Résumé of the Future

MBA students have the toughest choices.

I’d like to say that everything I’ve done in my MBA courses has been relevant to my career; I’ve analyzed the Disney/Marvel merger (twice), I’ve performed linear regressions (multiple times), and I’ve determined my BATNA (ever more frequently).

One thing, though, stands out as the most beneficial exercise I’ve performed to date: My Future Résumé.

In Professor Clark’s Management of Organizations and Human Capital course, we were instructed to develop a résumé which reflected how we wanted our “next five professional years” to pan out.
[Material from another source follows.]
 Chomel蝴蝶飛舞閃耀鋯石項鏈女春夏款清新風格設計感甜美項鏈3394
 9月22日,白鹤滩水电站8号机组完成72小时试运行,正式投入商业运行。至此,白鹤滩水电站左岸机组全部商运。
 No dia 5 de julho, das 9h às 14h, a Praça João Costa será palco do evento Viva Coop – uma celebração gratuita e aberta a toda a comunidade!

My first reaction when I sat down to do the assignment was a little nervousness.

Before this assignment, I was still trying to find out “what I wanted to be when I grew up.” I wasn’t walking a well landscaped and properly drained path like many of my colleagues. My path was more reminiscent of pave stones forming a crooked, yet generally straight line surrounded by grass that hadn’t been mowed in a while. Couple of weeds in there too.
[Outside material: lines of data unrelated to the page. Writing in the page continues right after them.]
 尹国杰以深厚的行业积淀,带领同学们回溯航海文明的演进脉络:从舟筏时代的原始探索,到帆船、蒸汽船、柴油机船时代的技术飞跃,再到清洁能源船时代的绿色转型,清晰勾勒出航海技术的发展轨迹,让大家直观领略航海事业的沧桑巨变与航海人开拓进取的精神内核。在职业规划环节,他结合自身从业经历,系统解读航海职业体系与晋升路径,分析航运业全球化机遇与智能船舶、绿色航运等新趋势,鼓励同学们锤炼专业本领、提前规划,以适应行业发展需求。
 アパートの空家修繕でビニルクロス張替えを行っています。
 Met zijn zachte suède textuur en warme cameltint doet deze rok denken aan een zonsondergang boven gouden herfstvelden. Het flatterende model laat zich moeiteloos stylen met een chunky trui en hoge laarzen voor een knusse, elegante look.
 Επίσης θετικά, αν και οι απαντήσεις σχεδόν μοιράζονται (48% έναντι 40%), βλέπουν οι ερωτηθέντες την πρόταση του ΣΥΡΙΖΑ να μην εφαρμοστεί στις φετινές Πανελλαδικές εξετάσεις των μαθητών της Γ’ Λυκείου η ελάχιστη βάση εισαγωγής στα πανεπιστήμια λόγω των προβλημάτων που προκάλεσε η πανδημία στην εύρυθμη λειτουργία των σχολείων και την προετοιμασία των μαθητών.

The path was a mess, but the destination it was leading to was a little less unkempt. Destination: I want to be a leader in business. Vague? Duh. But it was less vague than my actual career path. When I began putting together my “5 Year Résumé,” I went into it with an open mind. Whatever I decide to “concentrate” in at Kogod doesn’t necessarily determine where I go in my career. Not to mention, my career, God willing, is going to be over a fairly long period of time. The chances of me changing my mind or becoming interested in new things are rather high – especially for someone like me.

I started with what I currently think Kogod could result in. I like the numbers and analysis we performed in economics, and I also like the soft skills I’m learning in my other classes. “Maybe Private Equity or some other financial field would suit me well,” I thought. “Maybe that’s how I start my new career when I leave Kogod.” So, the early years of my 5-Year Résumé reflected some financial analysis experience.

My thought process, however, kept coming back to an operations mindset. I’m moving away from being an engineer, per se, but I’m not losing my interest in how things are made. In fact, I love the show “How It’s Made.” So, I envisioned my career turning toward something more logistical in the products industry (rather than the services industry). I suppose, though, I could always operate a service…but, that’s neither here nor there.

You can't operate this with an Xbox controller.

I decided I’d take my “newly acquired” finance background and transition into Operations Management for a manufacturing firm called Company X. They make widgets…damn good ones, too.

There I would start managing the general operations of a factory (no, I’m not a floor manager) and then progress through the ranks employing innovative thinking and strategies to cut costs and increase employee retention. I even imagined creating a “brand new” way to incentivize my workforce. It involved a company trophy. Nuff said.

At the end of five years, my Future Résumé has me working as Director of East-Coast Operations for Company X. Sounds good to me, I guess. Is this necessarily what’s going to happen? I hope not – that’d be mad boring. MAD boring. I’m fully expecting things NOT to go according to plan. But at least at this point, my path is a little more manicured, the weeds have been trimmed back, and my destination is a little more in focus.

I figure this trend will continue as I progress through the MBA program and gain new insight to the possible career options I’ll have. I recommend that everyone develop their own Future Résumé. It’s a great way to determine how to potentially reach your goals and it helps make sure your current path (if you have one) still leads to the goals you have in mind.